Comparing Approaches to Therapy Part l - Counselling Explained
Throughout this essay I use the term 'Counselling' to refer to Person Centred Counselling and other approaches where empathic listening and response is the very essence of the treatment approach. I use the term 'Psychotherapy' as a collective term to include all those approaches which are not based on counselling and where the therapist uses interventions and techniques to direct the treatment approach. In Part II - Psychotherapy Explained you can read more about some of the psychotherapeutic approaches I refer to in this essay including:
- Transactional Analysis [TA]
- Neuro Linguistic Programming [NLP]
- Eye Movement Desensitisation Reprocessing [EMDR]

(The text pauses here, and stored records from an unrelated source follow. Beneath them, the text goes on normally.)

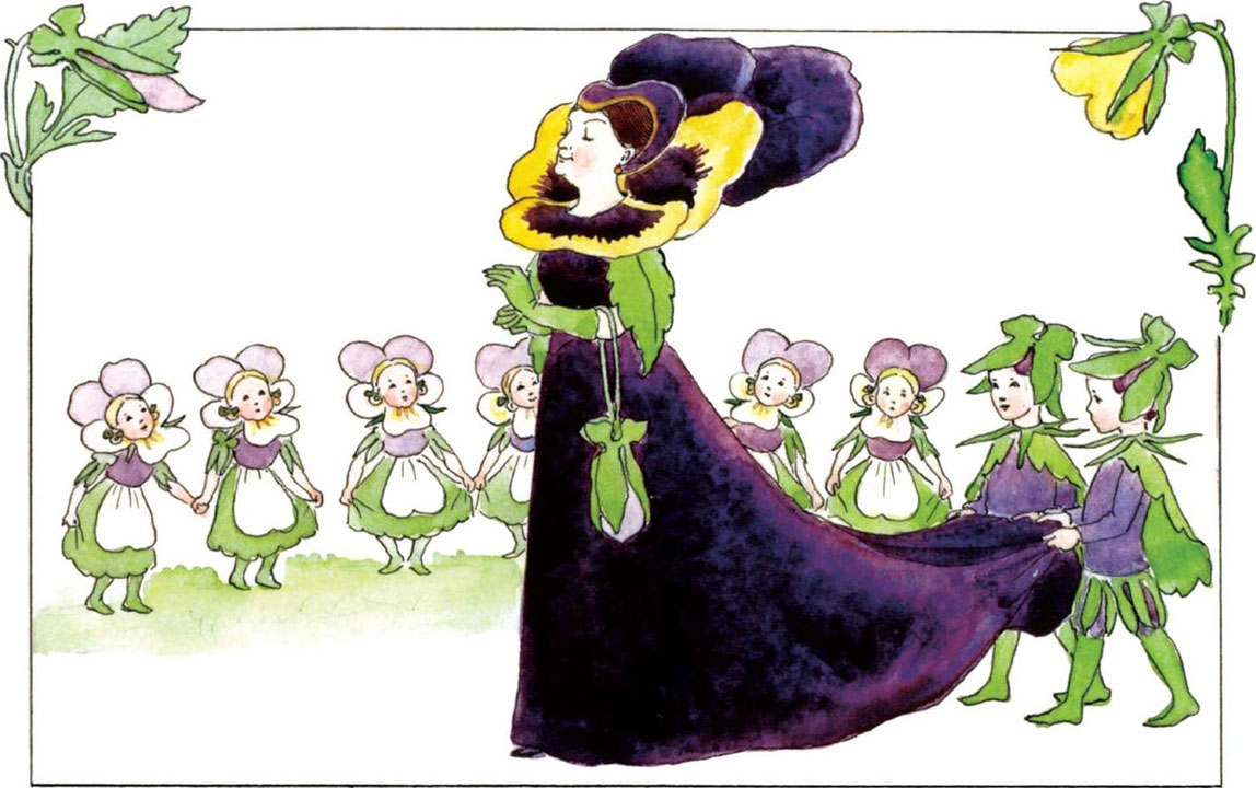 在开派对的那一天,所有的小紫罗兰都穿上了最漂亮的衣服。这时,他们的阔亲戚三色堇夫人来了。啊,她穿着长长的、华贵的天鹅绒袍子,袍子上装饰着美丽的黄领子。她标致的脑袋上带着冕状头饰。她高昂着头,语气生硬地对小亲戚们发号施令。
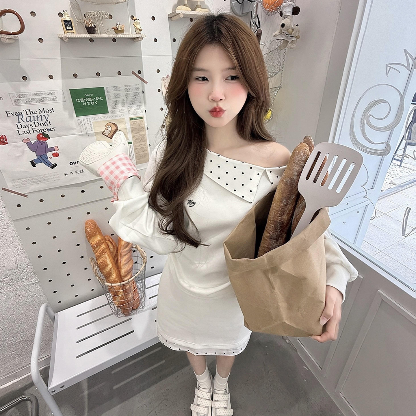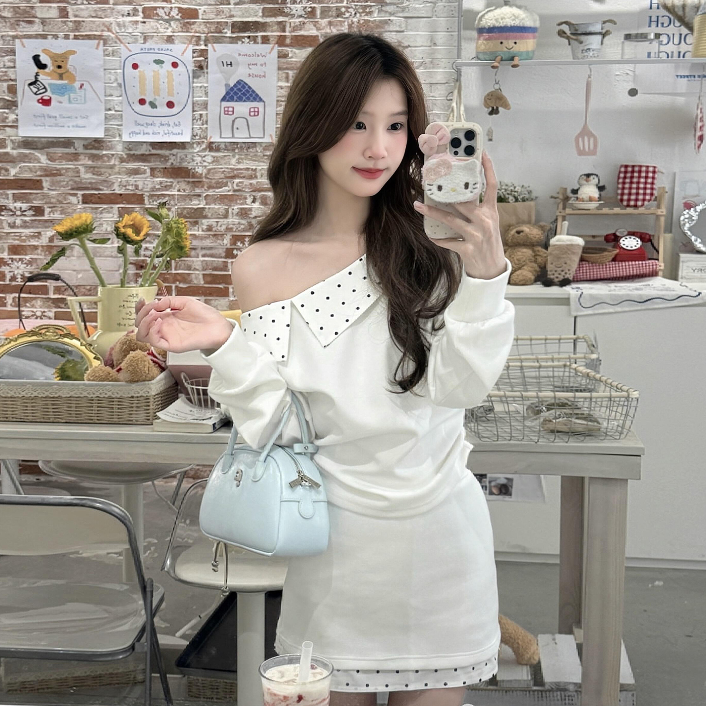 BY10489# 一字肩斜肩白色卫衣连衣裙子女新款秋季韩系穿搭包臀短裙套装 服裝批發女裝批發服飾貨源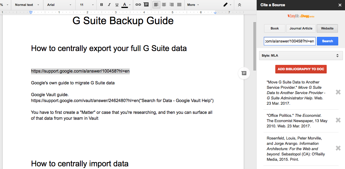 a bibliography in google docs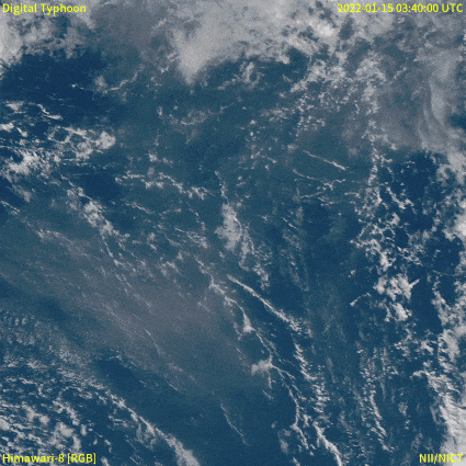 2022年初汤加火山爆发,将大量物质喷射进了平流层 | 向日葵8号卫星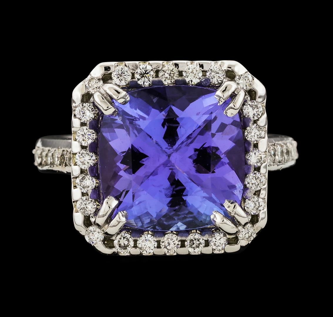 One electronically tested 14KT white gold lady's cast fashion ring with a square basket halo with a bright polish finish. The featured lady's ring has a shank measuring 2.72 millimeters wide. Identified with markings of '14K'. Condition is new, good workmanship. Containing: One prong set square cushion modified brilliant cut natural tanzanite, measuring 11.05 x 11.03 x 6.96mm, (depth est.) approximate weight of 5.71ct., clarity is eye clean, medium light, moderately strong, violet color, (GIA V 4/4), cut is good. Transmitting light with no distortion, transparent. Colored gemstones are presumed to have been subjected to commonly used enhancement processes. Graded in the setting. Twenty-Four prong set round brilliant cut diamonds, measuring 1.60 - 1.50 x 0.96mm (depth est.) approximate total weight of 24 Stones = 0.34ct. Graded in the setting. Clarity VS-2 to SI-2. Color: H - I Cut Good Twelve prong set round brilliant cut diamonds, measuring 1.40 - 1.35 x 0.86mm (depth est.) approximate total weight of 12 Stones = 0.12ct. Graded in the setting. Clarity VS-2 to SI-2. Color: H - I Cut Good. Total Weight of Colored Stones 5.71ct.. Total Weight of Diamonds 0.46ct.. Total Weight of Ring 7.00gm. GAS Appraised at $7,595.00.
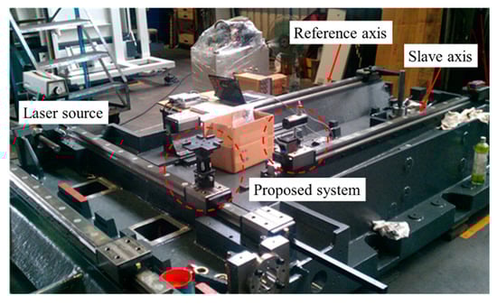 The first case was for the straightness measurement of machine tool in fabrication site. We compared the proposed system with commercial straightness measurement equipment (ProLine, Status Pro Maschinenmesstechnik GmbH, Bochum, Germany). Total measurement range was 6000 mm, the application setup is shown in Figure 20, the proposed system installed in parallel with the ProLine on the saddle of the machine tool. The measurement results are shown in Table 6.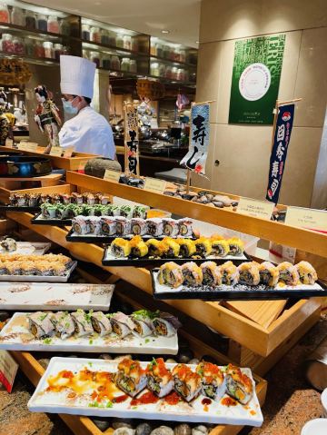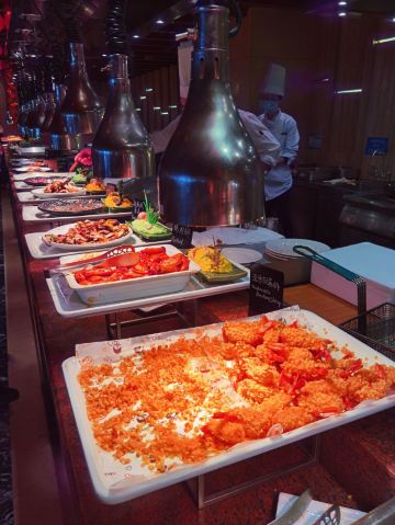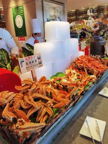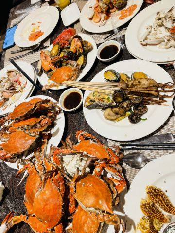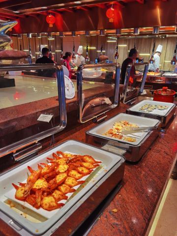 青青岛-海景花园是青岛自助餐界的天花板,没有之一。并不是它有多么的豪华,而且服务的一种认可。暑期基本外地游客为主,淡季当地人拖家带口的来就餐,节假日一般很难约。这里对小朋友很友好,130以下免费,而不是半价,继而成人全票的价格一般都是300➕,当时有活动和生日的时候可以囤一些优惠票。这里对于就餐的小朋友,开放游乐设施,在负一层有电影院,游乐场等,愿意的话可以玩一天。餐饮很全,海陆空都有,海货都很新鲜,虽然没有各吃,但是不限量,当然个别食材控量出餐属于正常,只要你慢慢等,后面你可以随意吃,不可能吃不到。酒水也很全,啤酒里面有青岛白啤,这个建议大家尝尝。现在节假日餐厅里面加了很多临时桌子来应对预约过多的情况,如果就餐区域内增加个洗手的地方就好了。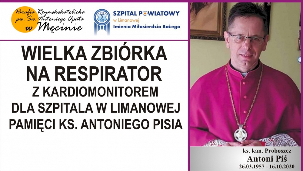 16 października ks. proboszcz Antoni Piś przegrał walkę z wirusem COVID-19. Aby wyrazić wdzięczność za jego dobroć, zaangażowanie w sprawy lokalnej społeczności i wielką aktywność duszpasterską, parafianie pragną ufundować respirator wraz z kardiomonitorem dla Szpitala w Limanowej.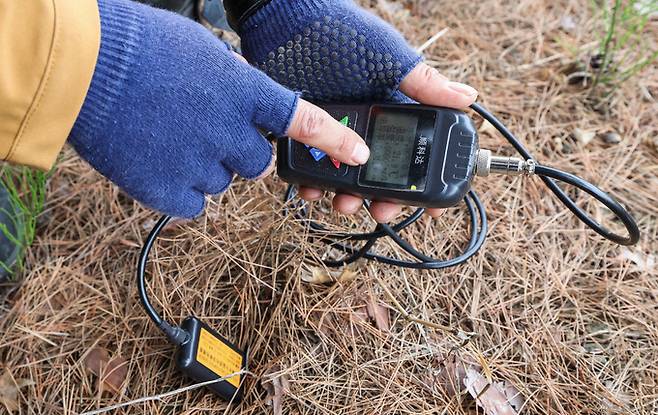 주변 토양 염류까지 확인 강기래 나무의사가 토양전기전도도(EC) 측정기로 청주 제35호 보호수 주변 토양의 염류를 확인하고 있다.

- Emotional Field Therapy [EFT]
- Psychodynamic Psychotherapy
- Cognitive Behavioural Therapy [CBT]
A clear distinction between Counselling and Psychotherapy is to some extent artificial
- because there is overlap between Counselling practice and Psychotherapy practice. However they are also very different in many respects and some types of problem respond better to an approach which is primarily Counselling [which has empathic listening at its heart], whilst other issues respond better to a more structured [psychotherapeutic] approach led by the therapist. However it is my opinion that to be a good psychotherapist you have to have good counselling skills in addition to your psychotherapy expertise.
Sometimes Psychotherapy is definitely not the preferred approach [initially at least]. For example, it would be inappropriate [in my opinion] to use hypnosis or psychotherapy to attempt to speed up a 'normal' grieving process. Bereavement counselling would be the preferred approach. On the other hand, if the grieving process becomes blocked, some combination of Hypnotherapy and Psychotherapy [Hypno-psychotherapy] may be needed.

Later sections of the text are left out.